We are under contract to buy a condo. Closing is in two weeks. Yesterday my company laid off 50 people including me. I can’t get the loan now. Does the seller get to keep my $5,000 earnest money even though it’s not my fault?
Asked by Trina | San Diego, CA| 04-22-2026| 7 views|Finance & Legal Info|Updated 1 day ago
I’m really sorry you’re going through that, that’s a tough situation, especially this close to closing.
The good news is that in many cases, you may still have a way out without losing your earnest money. Most purchase contracts include a financing contingency, which is designed to protect you if you’re unable to secure your loan. Since losing your job directly affects your ability to qualify, this often falls within that protection.
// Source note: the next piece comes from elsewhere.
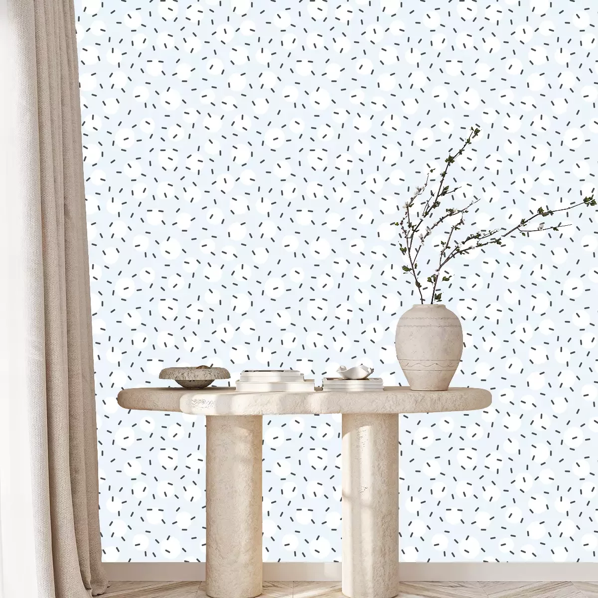 *Korting is niet van toepassing op lijmen, accessoires en cadeaubonnen.Het behang is gemaakt van hoogwaardig vliesmateriaal – duurzaam, stevig en eenvoudig aan te brengen. Op de productpagina vind je een gebruiksvriendelijke calculator die automatisch het aantal benodigde rollen berekent, zodat het winkelen nog makkelijker wordt. Het behang heeft een herhalend patroon dat we aanbieden in drie dichtheidsvarianten – normaal, gemiddeld en groot – waardoor je het motief perfect kunt afstemmen op de grootte van de ruimte. In onze winkel vind je duizenden ontwerpen, allemaal overzichtelijk ingedeeld in praktische categorieën.
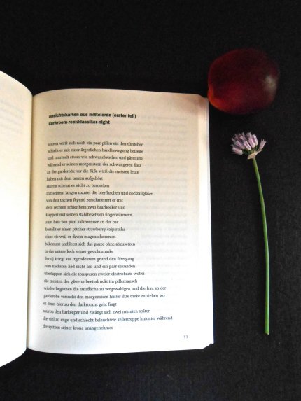 Die Gedichte hangeln sich vom Goetheplatz über die Isarbrücken zum Ostbahnhof oder aber auch nach Paris, Afrika oder Venedig. Dabei tauchen Hitler, Eichmann und Lenin auf und verschwinden so schnell wieder, wie sie gekommen sind. Prosaische Texte über Sauron im Darkroom machen Spaß und erfrischend sind die Zeilen: “und ich schaue den himbeeren/ beim tanzen zu/ wie sie ihre kleinen vaginas/ auf und zu machen/ auf und zu/ auf und zu/ auf und zu”, die von Romans Humor zeugen.

The key question is whether your financing contingency is still in place and hasn’t been removed. If it’s active, you may be able to cancel and have your $5,000 earnest money returned.
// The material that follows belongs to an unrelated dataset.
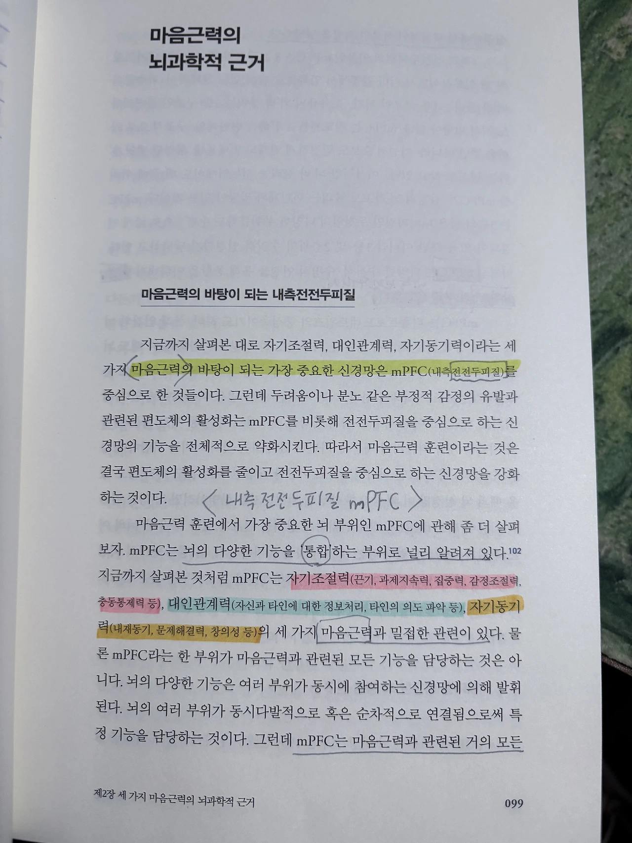 [마음근력의 뇌과학적 근거] 부분을 읽는다.

If that contingency has already been removed, things can get more complicated. While the contract is written with the intent to protect situations like this, there’s also an expectation that both parties follow the spirit of the agreement. If certain actions or timing lead to financial harm for the seller, they may try to claim your deposit or even pursue additional damages.
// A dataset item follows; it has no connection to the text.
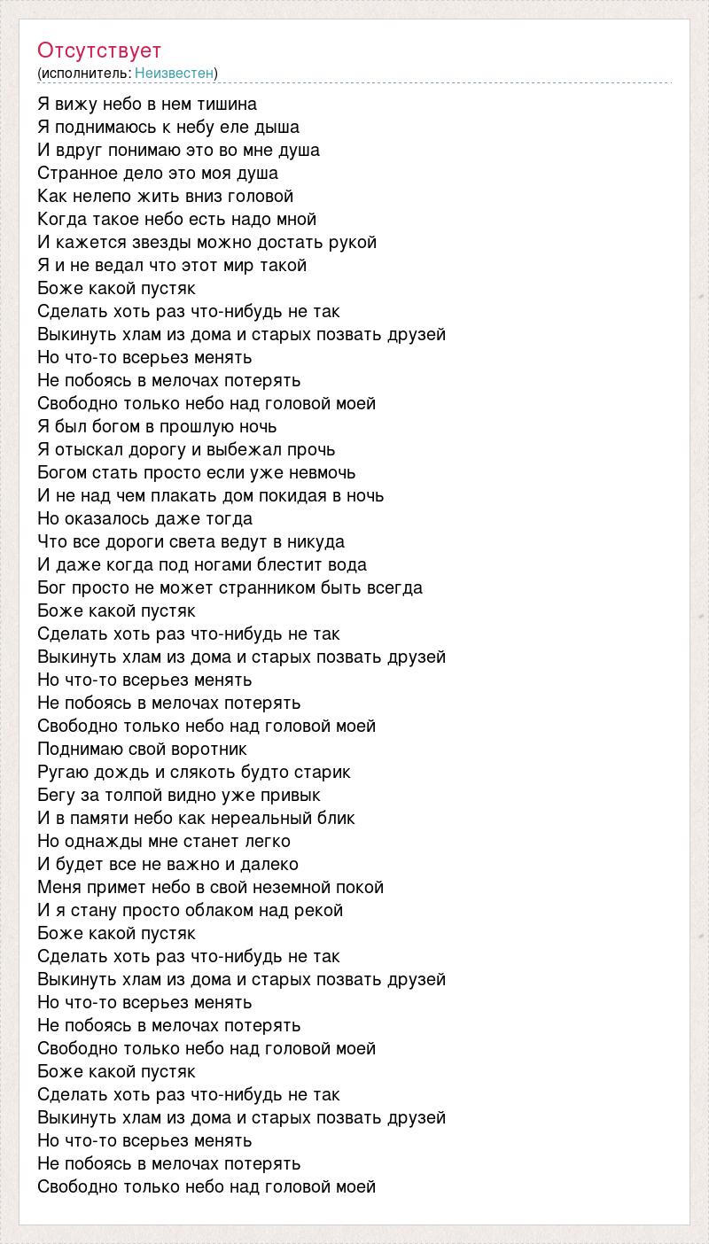 Я вижу небо в нем тишина Я поднимаюсь к небу еле дыша И вдруг понимаю это во мне душа Странное дело это моя душа Как нелепо жить вниз головой Когда такое небо есть надо мной И кажется звезды можно достать рукой Я и не ведал что этот мир такой Боже какой пустяк Сделать хоть раз что-нибудь не так Выкинуть хлам из дома и старых позвать друзей Но что-то всерьез менять Не побоясь в мелочах потерять Свободно только небо над головой моей Я был богом в прошлую ночь Я отыскал дорогу и выбежал прочь Богом стать просто если уже невмочь И не над чем плакать дом покидая в ночь Но оказалось даже тогда Что все дороги света ведут в никуда И даже когда под ногами блестит вода Бог просто не может странником быть всегда Боже какой пустяк Сделать хоть раз что-нибудь не так Выкинуть хлам из дома и старых позвать друзей Но что-то всерьез менять Не побоясь в мелочах потерять Свободно только небо над головой моей Поднимаю свой воротник Ругаю дождь и слякоть будто старик Бегу за толпой видно уже привык И в памяти небо как нереальный блик Но однажды мне станет легко И будет все не важно и далеко Меня примет небо в свой неземной покой И я стану просто облаком над рекой Боже какой пустяк Сделать хоть раз что-нибудь не так Выкинуть хлам из дома и старых позвать друзей Но что-то всерьез менять Не побоясь в мелочах потерять Свободно только небо над головой моей Боже какой пустяк Сделать хоть раз что-нибудь не так Выкинуть хлам из дома и старых позвать друзей Но что-то всерьез менять Не побоясь в мелочах потерять Свободно только небо над головой моей

This is where it can shift into a legal issue. If both parties don’t agree on how to handle the cancellation, it may come down to interpretation of the contract and applicable law.
I would strongly recommend speaking with your agent and lender immediately, and also seeking legal advice so you fully understand your rights and exposure. Acting quickly and getting proper guidance will give you the best chance of protecting yourself and your deposit.
Hi Trina
Sorry to hear of the loss of your job!
I would speak to your realtor immediately! I've had a similar situation with a buyer in the past. Here in Floride, typically the buyer is allowed their earnest money returned if they cannot get the loan. I would absolutely get a denial letter from your lender as soon as possible. That should help. Best of luck!
Hi Trina! I'm very sorry to hear that.
You need to touch base with your agent and/or attorney immediately. California has some of the strongest buyer protections in the country. If you used the California Residential Purchase Agreement, then it has uses an Active Removal basis for financing contingency. If you didn't use the Cal RPA you may still be protected. Getting a Loan Denial letter from your lender is key, get one of those right away! Good Luck!